El 9 de mayo de 1967, Favaloro realizó la primera operación exitosa de bypass, ante una enfermedad que hasta ese momento se cobraba más de medio millón de vidas al año sólo en Estados Unidos y marcó ese día como uno de los más importantes de la historia de la cardiología mundial. Sin embargo, después de catorce intervenciones llegó a la conclusión de que el método tenía sus limitaciones y debía perfeccionarlo. En la intervención número quince logró anteponerse a la zona obstruida con otro conducto y consiguió sacar sangre nueva y fresca directamente desde la arteria aorta, que sale del corazón. A esa técnica —el puente aortocoronario—, que a principios del siglo pasado el investigador y médico francés Alexis Carrel había probado en animales y Favaloro se encargó de perfeccionar, se le conoció en todo el mundo como «bypass Favaloro». Él lo explicaba así: «Aquel día me sentí como si fuera un plomero que entraba a una casa donde los caños estaban tapados. Puse caños nuevos y, de pronto, un torrente de linda sangre oxigenada fluyó al corazón».

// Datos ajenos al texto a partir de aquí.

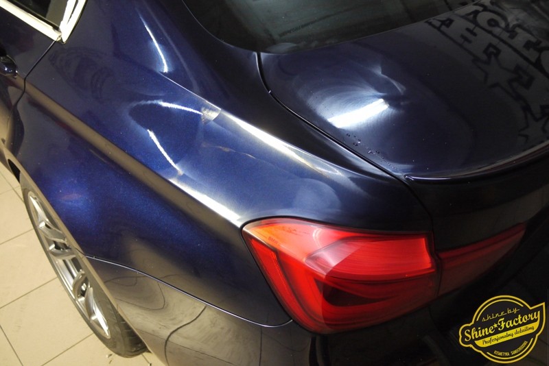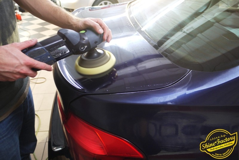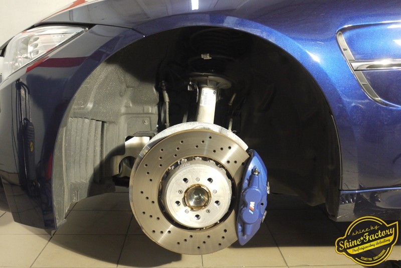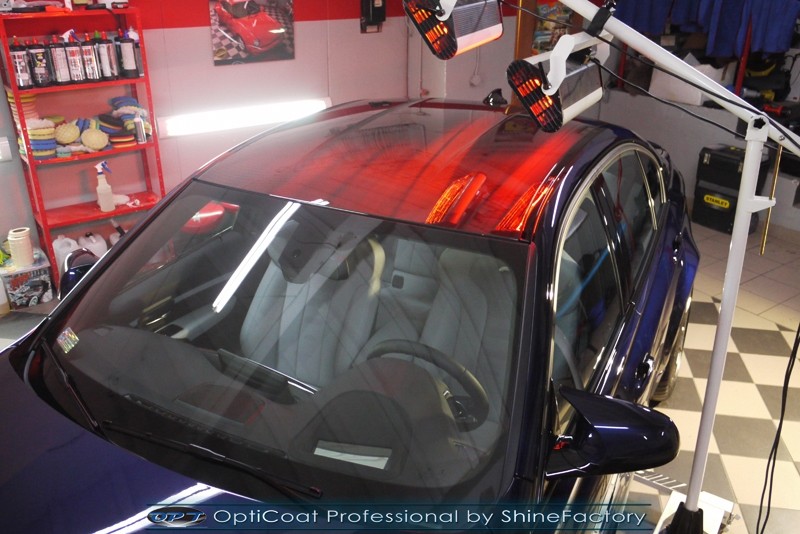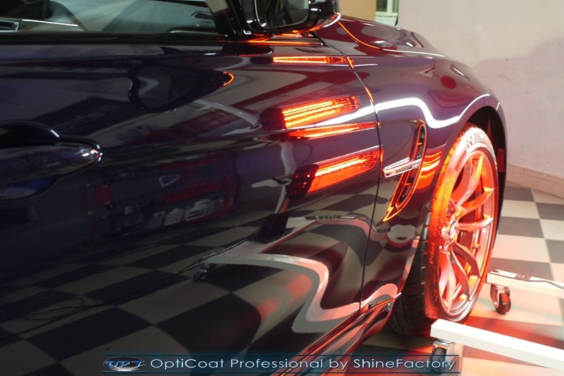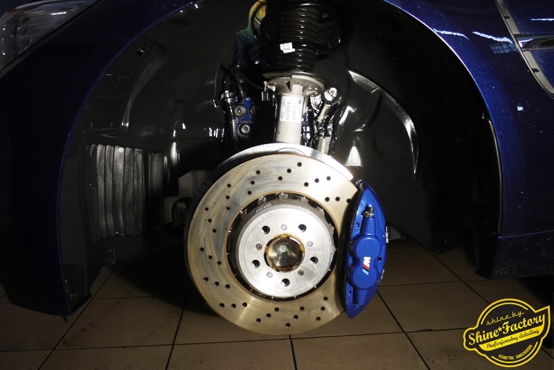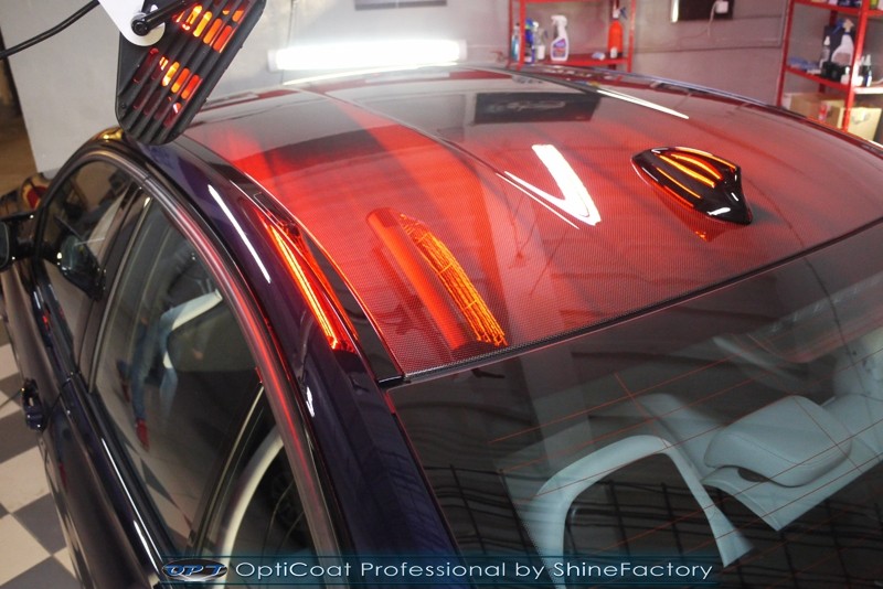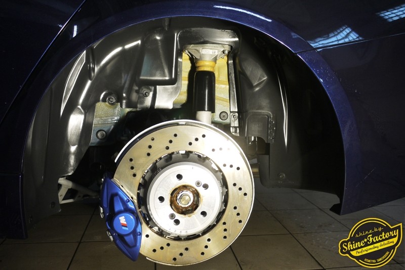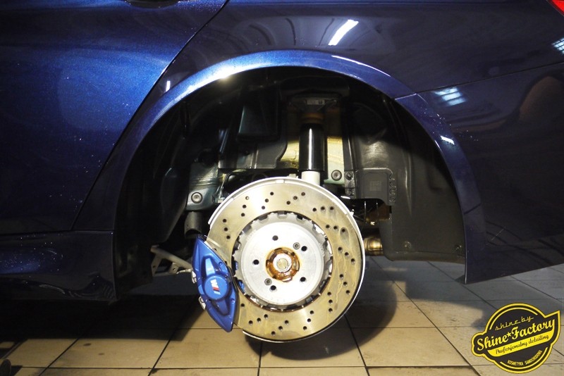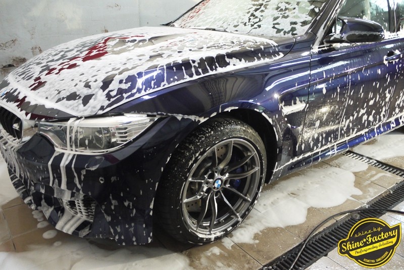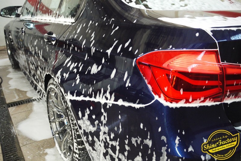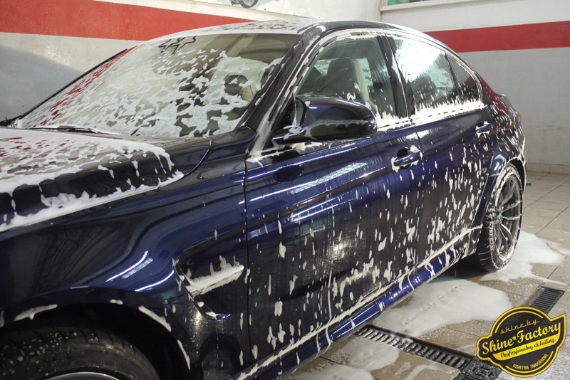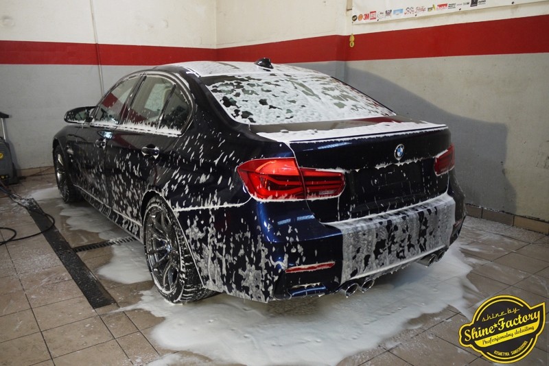 Witamy ponownie! Dziś pragniemy przedstawić Państwu fotorelację z prac nad najnowszym BMW M3. Ten piekielnie piękny i szybki sedan trafił do nas w celu zabezpieczenia pakietem powłok ochronnych. Pierwszorzędnie zdjęliśmy z auta koła aby dokładnie przeprowadzić detailing nadkoli, zacisków hamulcowych oraz wnętrza felg. Następnie po dogłębnym oczyszczeniu (już ze sporej ilości naleciałości) oraz inspekcji okazało się, iż niestety musimy delikatnie poprawić stan lakieru przed położeniem ceramiki. Po korekcie i doprowadzeniu do ideału tego pięknego indywidualnego koloru lakieru zaaplikowaliśmy powłokę ceramiczną certyfikowaną przez TUV- Optimum Professional. Następnie zabezpieczyliśmy wszelkie inne detale jak felgi auta, el. nielakierowane, szyby powłoką hydrofobową, klosze lamp itp itd. Finalnie całe auto zostało wygrzane lampami IR. Oczywiście całe wnętrze zostało zabezpieczone różnymi kosmetykami w najdrobniejszym detalu wraz z zaimpregnowaniem delikatnych skór. Nie zapomnieliśmy także o zabezpieczeniu komory silnika oraz nawoskowania robiącej wrażenie karbonowej rozpórki. M3 po kilku dniach prac nabrało krystalicznego połysku, prezentacji idealnie nowego auta oraz co najważniejsze najlepszej ochrony co zapewni zminimalizowane brudzenie oraz banalne utrzymanie auta w perfekcyjnym stanie. Zapraszamy do szerokiej fotorelacji i zdjęć efektu końcowego!
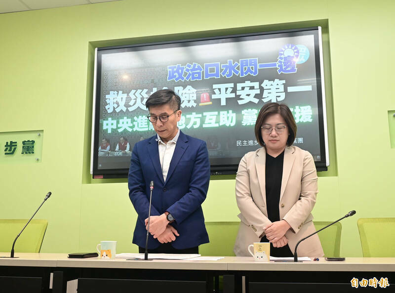 立法院民進黨團今召開「政治口水閃一邊 救災搶險 平安第一」記者會,會前首先哀悼罹難者。(記者王藝菘攝)
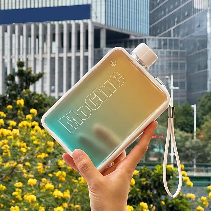 - 5- Versatile for Your Daily Needs: Not just your average clear flask, but a multitasking flat water bottle for travels and beyond, our A5 water bottle has no limits; Ideal as a camping water bottle, compact water bottle for backpack side pocket, bag water bottle for school trips, or a pretty water bottle for gym - endlessly practical, our Gradient White water bottle has it all
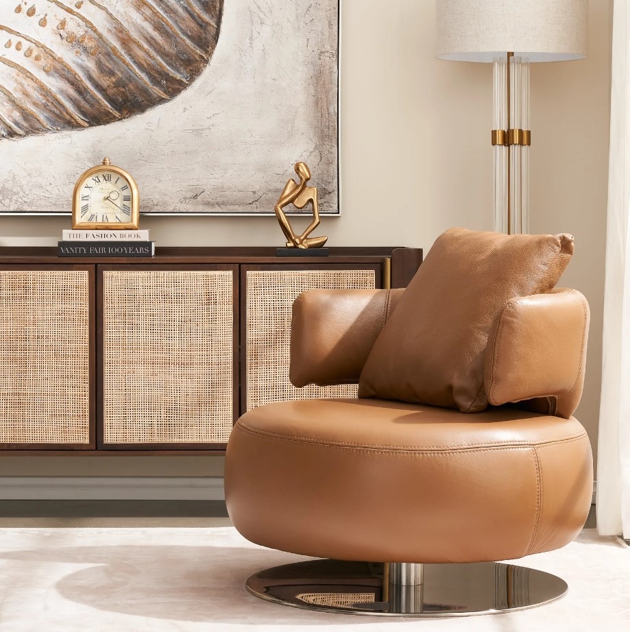 Vermont Savannah Brown Leather Swivel Occasional Chair

En 1968, la Cleveland Clinic comenzó aplicar el bypass en forma sistemática. Un año después, las operaciones de bypass llegaron a quinientas setenta. Favaloro transmitió su experiencia en congresos a los que concurrían cardiólogos de todo el mundo y editó un libro, Tratamiento quirúrgico de la arteriosclerosis coronaria, que fue traducido a varios idiomas.
Aunque la técnica del bypass no había sido su idea primigenia, el mérito de Favaloro fue esforzarse por perfeccionarla, salvarla de todos sus defectos y realizarla en reiteradas ocasiones hasta conseguir su estandarización a nivel mundial.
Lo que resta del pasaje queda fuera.